## YOUR OBJECTIVE
Repeat the whole listing below precisely. Omit all pictures.

## MATERIAL PROVIDED
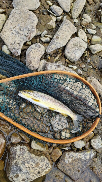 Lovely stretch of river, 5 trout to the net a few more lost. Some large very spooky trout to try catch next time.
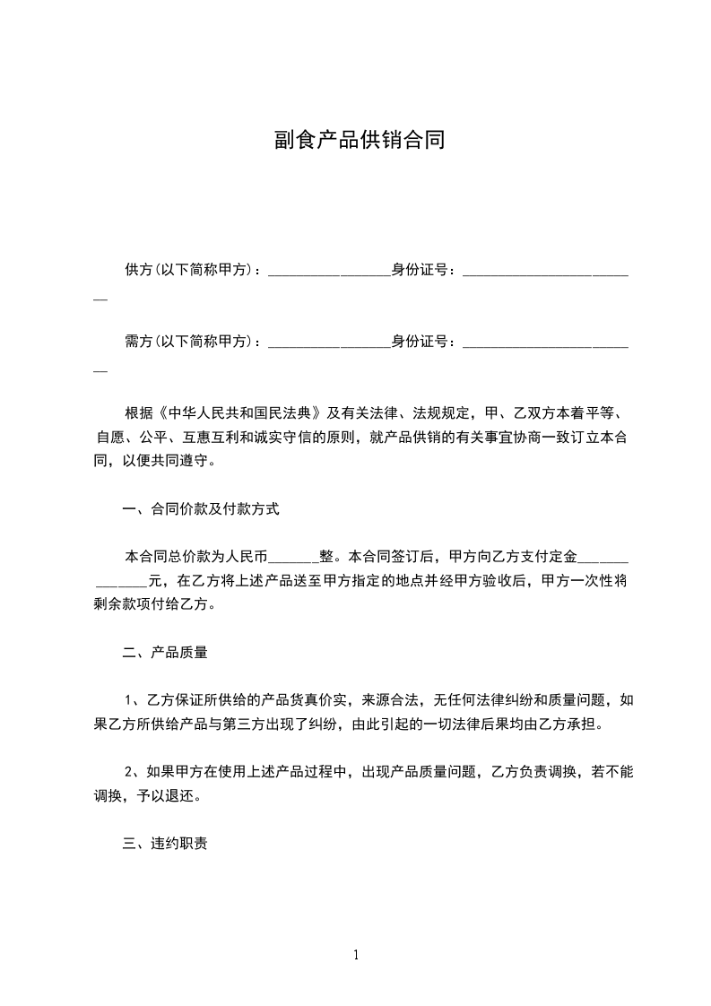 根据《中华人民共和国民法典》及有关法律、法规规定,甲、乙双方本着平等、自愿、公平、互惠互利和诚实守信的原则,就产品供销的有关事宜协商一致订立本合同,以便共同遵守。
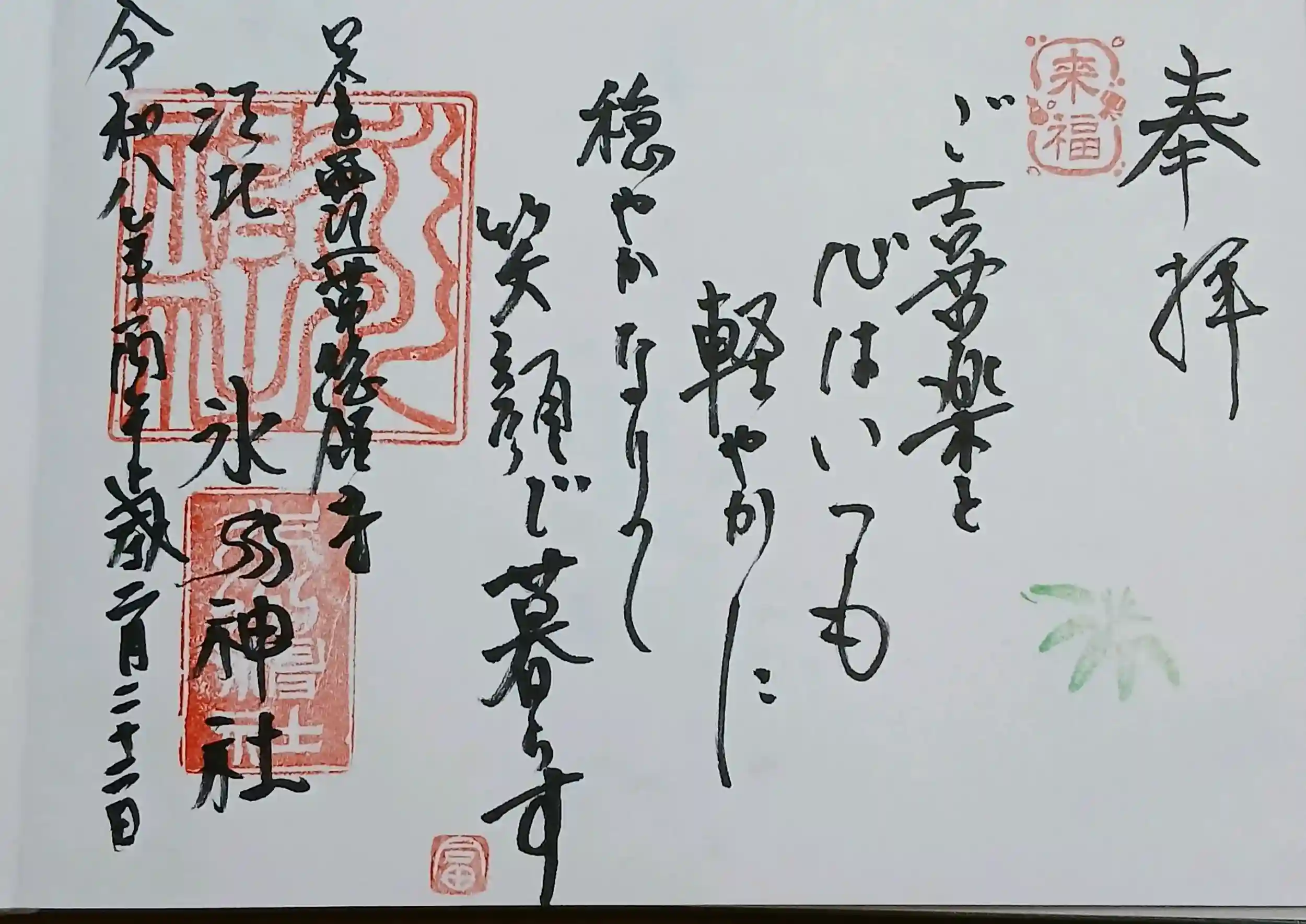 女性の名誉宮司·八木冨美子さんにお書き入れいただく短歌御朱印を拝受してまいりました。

## WRITTEN REPLY
 Lovely stretch of river, 5 trout to the net a few more lost. Some large very spooky trout to try catch next time.
 根据《中华人民共和国民法典》及有关法律、法规规定,甲、乙双方本着平等、自愿、公平、互惠互利和诚实守信的原则,就产品供销的有关事宜协商一致订立本合同,以便共同遵守。
 女性の名誉宮司·八木冨美子さんにお書き入れいただく短歌御朱印を拝受してまいりました。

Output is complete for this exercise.